The virus is intended to grow in cancer cells, destroy them and later spread to other cancer affected sites, as well as recruit the immune system to the site to trigger an immune response.


Cyclodextrin slowed NPC progression in new Washington University trial

A new clinical trial conducted by Washington University School of Medicine in St Louis and the National Institutes of Health (NIH) in the US showed that a drug called cyclodextrin slows progression of Niemann-Pick type C (NPC) disease.

NPC is a neurodegenerative condition that causes a cholesterol build up in neurons and results in the gradual loss of brain function, while cyclodextrin is a type of sugar molecule that is believed to act by releasing the trapped cholesterol.

The researchers carried out a combined Phase I/II clinical trial in 14 subjects aged between four and 23 years with neurological symptoms.

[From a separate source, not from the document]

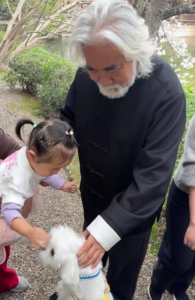 谁能想到,当年在片场拍《天龙八部》《神雕侠侣》,说一不二的大导演,如今居然满头白发,牵着个小丫头逛公园,不知情的人,妥妥以为是爷孙俩。

Zealand partner Boehringer began Phase I trials for two obesity and / or diabetes drugs

Zealand Pharma announced the launch of two Phase I clinical trials by its partner Boehringer Ingelheim to investigate a glucagon / GLP-1 agonist and an amylin analogue for the treatment of obesity and / or type 2 diabetes.

With a dual-acting mechanism, the glucagon / GLP-1 agonist triggers GLP-1 and glucagon receptors and is expected to provide better blood sugar and weight loss control.

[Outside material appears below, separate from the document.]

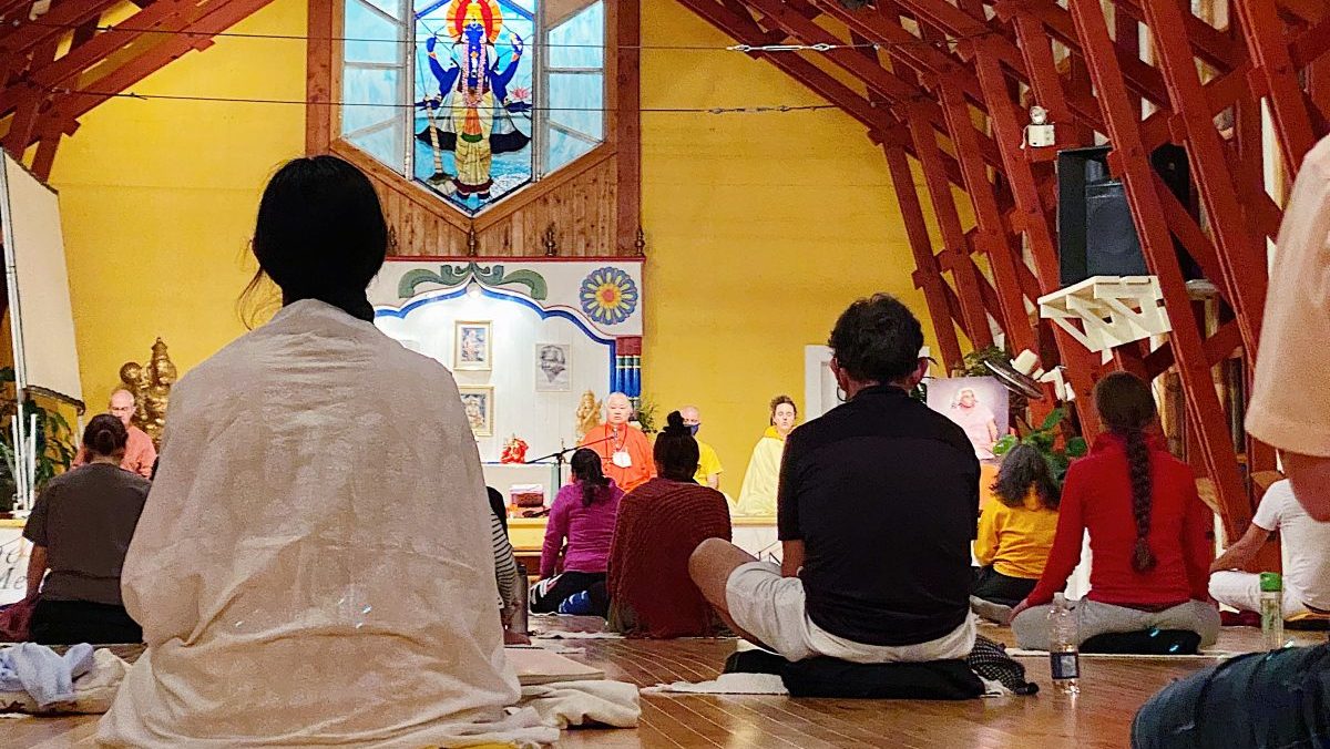 Assis au sol devant la statue de Swami Sivananda, Atmaram – l’un des administrateurs de l’ashram –, est revenu sur les principes du centre où se retrouvent des gens de partout (en temps de non-pandémie) et de tous âges (certains viennent se ressourcer en famille).

The compound is partly based on the effects of a natural gut hormone called oxyntomodulin that is known to minimise food intake and improve energy expenditure.


Pfizer and AFT initiated Phase III trial of HER2+ breast cancer drug

Pfizer and the Alliance Foundation Trials partnered with six international cancer research groups to initiate a Phase III clinical trial (PATINA) of palbociclib (IBRANCE) in patients with hormone receptor-positive (HR+), human epidermal growth factor receptor 2-positive (HER2+) metastatic breast cancer.

Palbociclib is being developed as an inhibitor of cyclin-dependent kinases (CDK) 4 and 6 that are involved in regulation of the cell cycle associated with cellular progression.

The international, randomised, open-label, multi-centre Phase III trial will compare the combination of palbociclib, anti-HER2 therapy and endocrine therapy with standard therapy as a first-line treatment in a total of 500 patients.


Researchers demonstrated use of breast cancer drug to shrink brain tumours

Researchers from the University of Queensland’s Institute for Molecular Bioscience in Australia and the Fred Hutchinson Cancer Research Centre in the US conducted a clinical trial to evaluate a previously approved breast cancer drug palbociclib to treat brain tumours.

The trial enrolled children with a common type of brain tumour called medulloblastoma and demonstrated that palbociclib could shrink the tumours.

University of Queensland professor Brandon Wainwright said: “Clearly, we need new therapies that increase survival of young patients and reduce the side effects they suffer, such as delays in brain development, growth problems and increased risk of other cancers.”